So last night was rather full. I arrived at Sean's apartment in the late afternoon, after checking my nine voicemail messages from friends demanding to know why I hadn't called them....*blush* I lost my phone. And didn't make a big effort to find it until I knew I was going out of town again.
Christy was soooooo upset in one message, that desperate measures were necessary. I called her with Sean sitting next to me (and no prior warning) and said, "I feel so bad that I missed your call, but since you're not answering to forgive me and relieve my suffering, and the only difference between the two of us lately is, as you said, my "sweet boyfriend"--I will now begin torturing the boyfriend until you call me back." Sean was, at this point, shouting "NO!" in the background, it was quite satisfying. So I continued, very decorous, very businesslike. "I haven't decided what I'll start with, but I'm sure in about an hour we will have progressed to whips and chains" more Nos from Sean "so do call me back..." *Click*
So she called and her reply was, "What a brilliant plan! Except, someone should torture YOU when you don't call ME back!"
So now whenever I owe her a phone call I get the following text message: "Too bad you're not being tortured!" And I know she's wishing evil things upon me if I don't call her back.
So, that was the beginning.
When I finally got off the phone with Christy, I saw Sean had his phone to his ear, pretending to use it...with the flap closed. I boxed his ears (or pretended to) and we settled down to the business of ordering food from the BK Lounge. Usually he takes me to Chile's or the Green Leaf or Kirin, but we were both in the mood for fast food last night. Did you know there's a gas shortage in Hammond?? Racetrac AND Shell! Well, one of the shells.
All evening I'd been trying to play the Question Game with Sean, not by explaining the rules mind you, but by cheating mercilessly and gaining points whenever he broke a rule he didn't know about and letting him find out in retrospect. Well, he didn't find that at all entertaining. So I began playing faster, which made me sloppy and since he thinks faster as a general rule, he began winning. He said he still didn't like it, but I'm telling you he was laughing too. I saved telling him about the Hesitation rule until we got to the movie theater though. He says "theater" funny. I told him it's his pretentious streak showing.
I'm so mean to him. But for all the meanness, we managed to have lots and looooottttssss of fun. Until Spiderman III. And the previews were awesome, and the comedic parts were awesome and James Franco was finally a character I could like (in fact, adore). But other than that I'm not telling. Just the movie was...disjointed. While watching it I felt like I was in actuality reading the comic, a bunch of little plots adding together for a bigger, yet elusive, plot at the end. I like comics, don't get me wrong, but if I'm going to read all of them back-to-back that's one of the characteristics that annoys me the most.
So we went home and talked, got into a serious discussion that made me late for hanging out with Joshua. Joshua's gram is dying, and he needed someone to talk to.
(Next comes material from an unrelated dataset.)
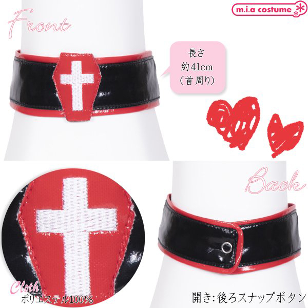 視線を集めて目立つこと間違いなし!セレクトしてオリジナルのコーディネートが楽しめちゃうコスプレシリーズからナースチョーカー(ブラック)の登場♪エナメルの光沢がセクシーでオシャレなチョーカーです。十字架マークが、ナースコスプレにぴったり♪ワンピースや小物を合わせて色々なコーディネートを楽しんでね!

So we hung out for a long time, doing Caine's, Wal-mart, and finally eating ice cream in the Books A Million parking lot as we talked about family dying and what happens to spirits when the body gives out, etc. I enjoyed the time. It wasn't morbid or too serious, but it had that important topic hidden under every few other topics.
I wanted to go back and cuddle with Sean but he had to be at work early, so I restrained myself. Say thank you, Sean.